------ Given records ------

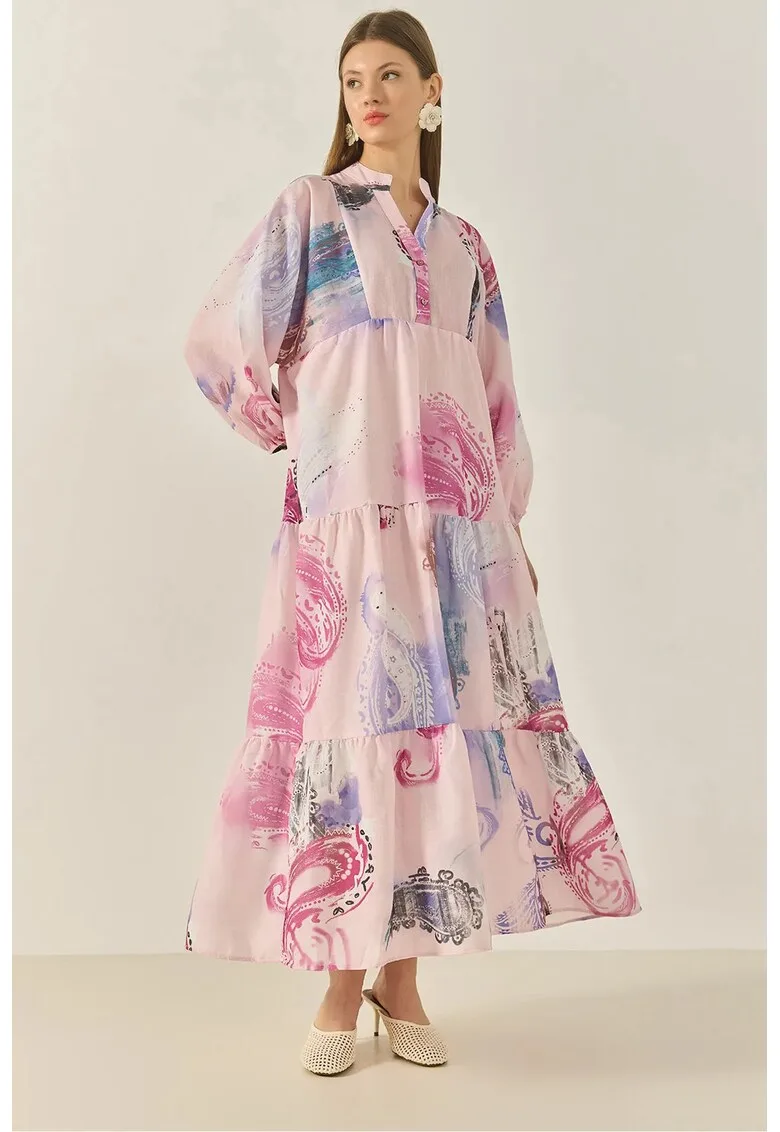Rochie maxi – decolteu in V – detalii cu volane – roz – poliester – – Reduceri Exclusive
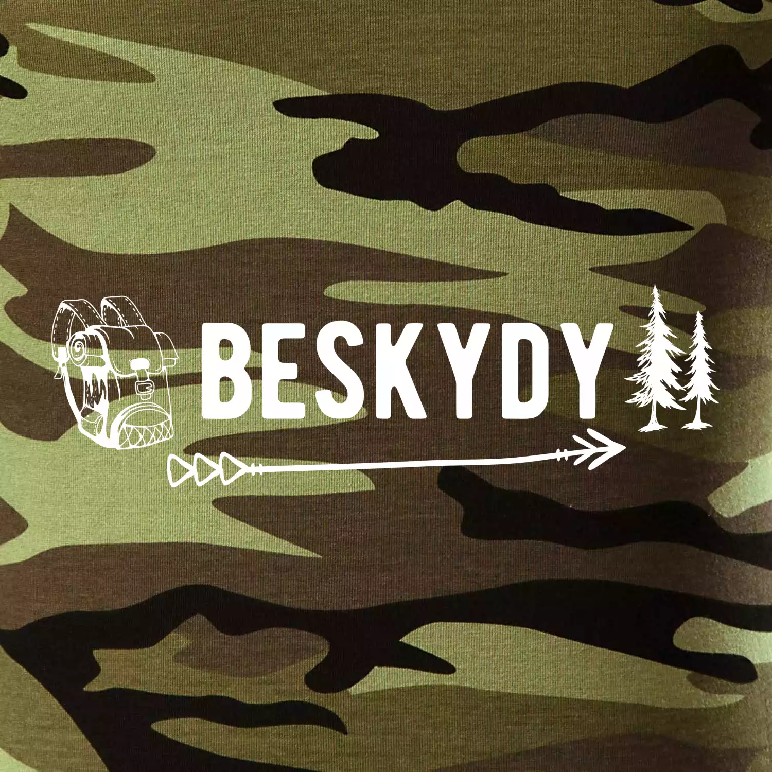 Tričko střední gramáže v barvách camouflage. Střih s bočními švy. Lem průkrčníku ze žebrového úpletu s přídavkem 5 % elastanu. Vnitřní část zadního průkrčníku začištěna páskou v barvě camouflage.
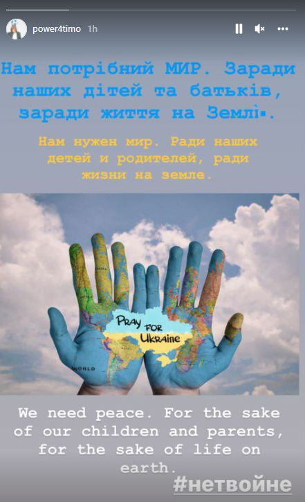 "Нам потрібен мир. Заради наших дітей та батьків, заради життя на землі", — написав гравець.
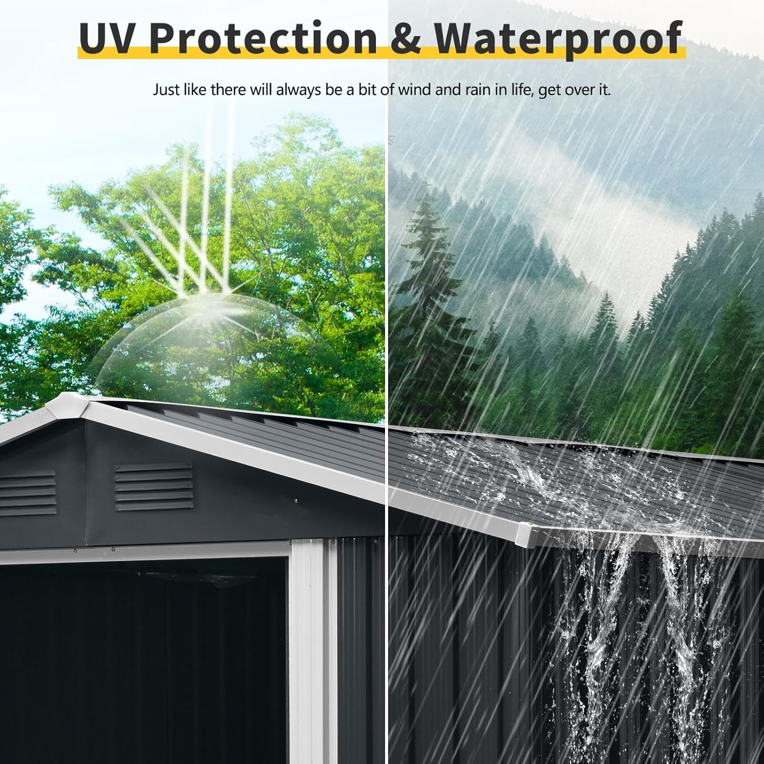 - š”šš„š„-š°šššš”šš« šššØš«šš š šš”šš: Our metal shed 6x8 features sliding doors that open and close smoothly, with handles and a heavy-duty lock for added security. It serves not only as a safe space for storing garden tools but also as a warm pet house. The sloped roof of the storage building effectively prevents leaks and snow accumulation, while the four integrated punched vents improve airflow, helping to keep your items dry.
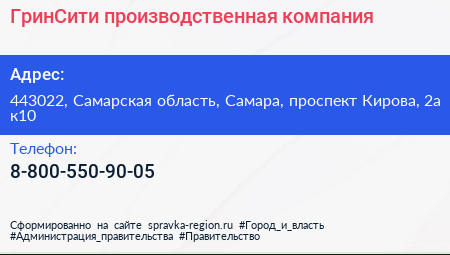 ГринСити, производственная компания по адресу 443022, Самарская область, Самара, проспект Кирова, 2а к10 в дальнейшем Организация, размещена в следующих категориях:
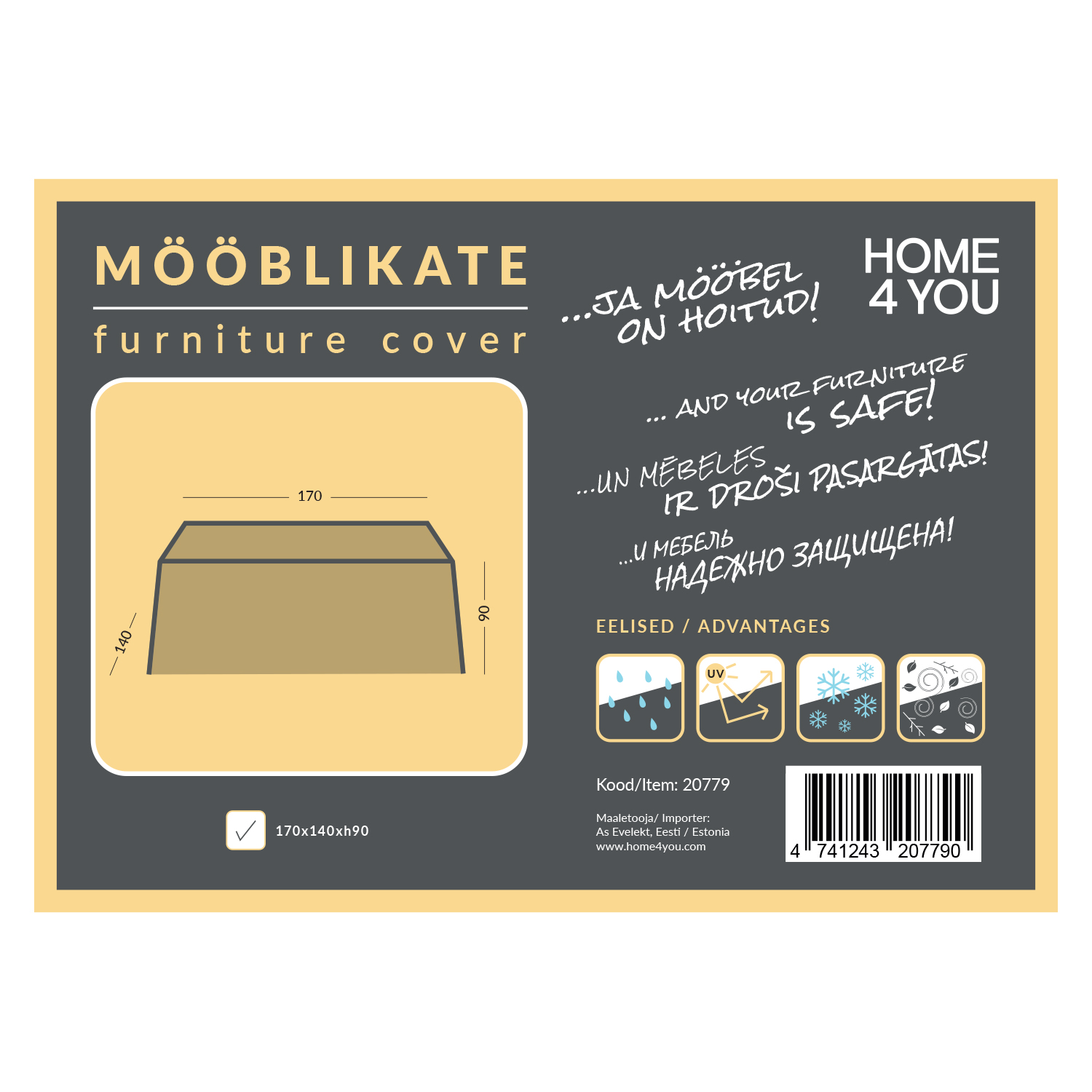 TÄHELEPANU! Mööblikate aitab pikendada mööbli eluiga ning on turvaline kaitse välimööblile, kuid ei taga samasuguseid tingimusi nagu siseruumides hoiustamine. Tugeva vihma korral võivad kattega kaetud mööblile koguneda veelombid. Eemaldage kogunenud vesi esimesel võimalusel. Peske katet vastavalt tootele kinnitatud hooldusjuhendile. Mööblikatte kasutamine ei ole sobiv lahendus aiamööbli ületalve õues hoidmiseks.
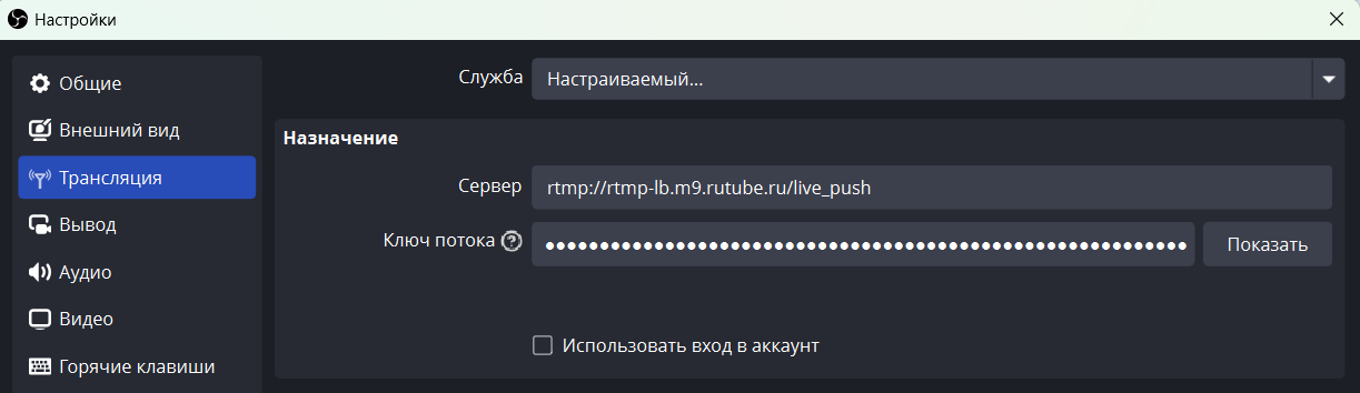 2. Скопируйте полученные данные в видеокодер (OBS Studio)
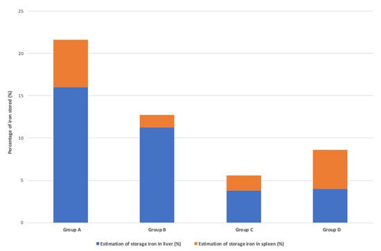 The percentage of iron perfused and sequestered in the reticuloendothelial system (e.g., liver plus spleen) differed significantly between iron sucrose 1.2 g and third-generation irons (infusions of 1 g): this increased to 21.6% in group A (iron sucrose 1.2 g) compared with 5.6% in group C (ferric carboxymaltose 1 g), and 8.6% in group D (iron isomaltoside 1 g) (p = 0.0012, Chi2 test) (Figure 4). The main driver of this phenomenon was liver iron storage (p = 0.0015, Chi2 test), but not splenic iron storage (p = 0.352, Chi2 test) (Figure 4). Of note, the percentage of iron perfused and sequestered in the reticuloendothelial system for group B (2.4 g of iron sucrose infused over 6 months) reached 12.7% (Figure 4).
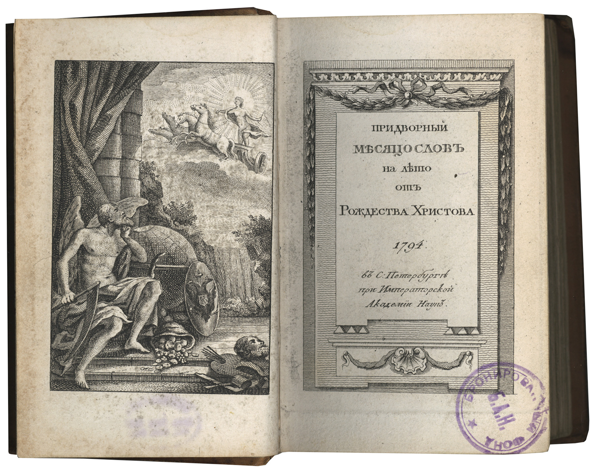 Фронтиспис и титульный лист "Придворного месяцослова… на 1794 год"
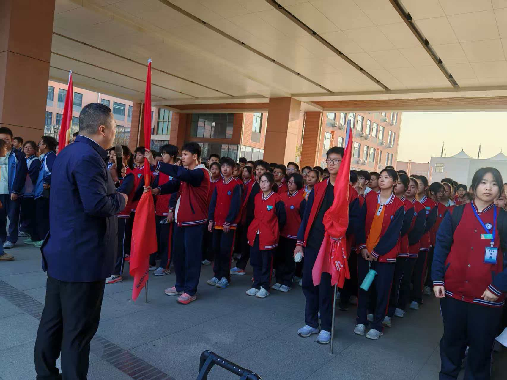 清晨7:00,八年级8班教室已是一片忙碌。班主任再次重申安全、纪律与卫生要求,同学们认真聆听,整装待发。7:10,电教室楼下红旗猎猎,班旗飘扬。8班同学身着整齐校服,精神抖擞列队集合。副校长刘钊作动员讲话:“用脚步丈量信仰,用行动致敬先烈!”一声令下,队伍如长龙般昂首出发。
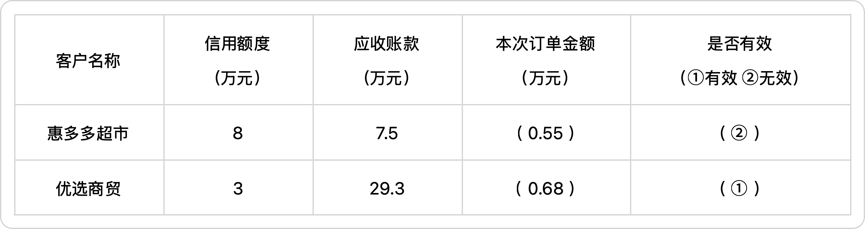 振华仓储有限公司与两家客户都是按月结款,并根据客户的信用状况,分别设定了相应的信用额度,请跟下表中的数据判断两家客户的订单是否有效。
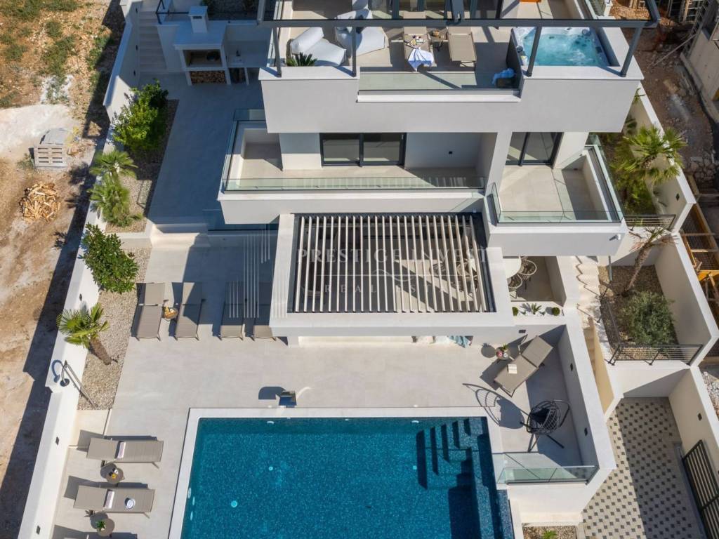 Villa Rossa ukupno sadrži 5 spavaćih soba od kojih svaka ima svoju vlastitu kupaonicu, jedan WC, te open space dnevni boravak smješten u prizemlju, koji je povezan s kuhinjom i blagovaonicom te ima direktan izlaz na terasu za opuštanje s bazenom s protustrujnim grijanjem, roštiljem i ležaljkama. Za dodatnu dozu relaksacije, na raspolaganju su sauna i jacuzzi na krovnoj terasi. Prirodno dnevno svjetlo obasjava svaki kutak ove vile, povezujući unutarnji prostor s vanjskim i stvarajući harmoniju između prirode i arhitekture.

------

◆ **What the task requires**
Output every record verbatim, skipping images.

◆ **Task output**
Rochie maxi – decolteu in V – detalii cu volane – roz – poliester – – Reduceri Exclusive
 Tričko střední gramáže v barvách camouflage. Střih s bočními švy. Lem průkrčníku ze žebrového úpletu s přídavkem 5 % elastanu. Vnitřní část zadního průkrčníku začištěna páskou v barvě camouflage.
 "Нам потрібен мир. Заради наших дітей та батьків, заради життя на землі", — написав гравець.
 - š”šš„š„-š°šššš”šš« šššØš«šš š šš”šš: Our metal shed 6x8 features sliding doors that open and close smoothly, with handles and a heavy-duty lock for added security. It serves not only as a safe space for storing garden tools but also as a warm pet house. The sloped roof of the storage building effectively prevents leaks and snow accumulation, while the four integrated punched vents improve airflow, helping to keep your items dry.
 ГринСити, производственная компания по адресу 443022, Самарская область, Самара, проспект Кирова, 2а к10 в дальнейшем Организация, размещена в следующих категориях:
 TÄHELEPANU! Mööblikate aitab pikendada mööbli eluiga ning on turvaline kaitse välimööblile, kuid ei taga samasuguseid tingimusi nagu siseruumides hoiustamine. Tugeva vihma korral võivad kattega kaetud mööblile koguneda veelombid. Eemaldage kogunenud vesi esimesel võimalusel. Peske katet vastavalt tootele kinnitatud hooldusjuhendile. Mööblikatte kasutamine ei ole sobiv lahendus aiamööbli ületalve õues hoidmiseks.
 2. Скопируйте полученные данные в видеокодер (OBS Studio)
 The percentage of iron perfused and sequestered in the reticuloendothelial system (e.g., liver plus spleen) differed significantly between iron sucrose 1.2 g and third-generation irons (infusions of 1 g): this increased to 21.6% in group A (iron sucrose 1.2 g) compared with 5.6% in group C (ferric carboxymaltose 1 g), and 8.6% in group D (iron isomaltoside 1 g) (p = 0.0012, Chi2 test) (Figure 4). The main driver of this phenomenon was liver iron storage (p = 0.0015, Chi2 test), but not splenic iron storage (p = 0.352, Chi2 test) (Figure 4). Of note, the percentage of iron perfused and sequestered in the reticuloendothelial system for group B (2.4 g of iron sucrose infused over 6 months) reached 12.7% (Figure 4).
 Фронтиспис и титульный лист "Придворного месяцослова… на 1794 год"
 清晨7:00,八年级8班教室已是一片忙碌。班主任再次重申安全、纪律与卫生要求,同学们认真聆听,整装待发。7:10,电教室楼下红旗猎猎,班旗飘扬。8班同学身着整齐校服,精神抖擞列队集合。副校长刘钊作动员讲话:“用脚步丈量信仰,用行动致敬先烈!”一声令下,队伍如长龙般昂首出发。
 振华仓储有限公司与两家客户都是按月结款,并根据客户的信用状况,分别设定了相应的信用额度,请跟下表中的数据判断两家客户的订单是否有效。
 Villa Rossa ukupno sadrži 5 spavaćih soba od kojih svaka ima svoju vlastitu kupaonicu, jedan WC, te open space dnevni boravak smješten u prizemlju, koji je povezan s kuhinjom i blagovaonicom te ima direktan izlaz na terasu za opuštanje s bazenom s protustrujnim grijanjem, roštiljem i ležaljkama. Za dodatnu dozu relaksacije, na raspolaganju su sauna i jacuzzi na krovnoj terasi. Prirodno dnevno svjetlo obasjava svaki kutak ove vile, povezujući unutarnji prostor s vanjskim i stvarajući harmoniju između prirode i arhitekture.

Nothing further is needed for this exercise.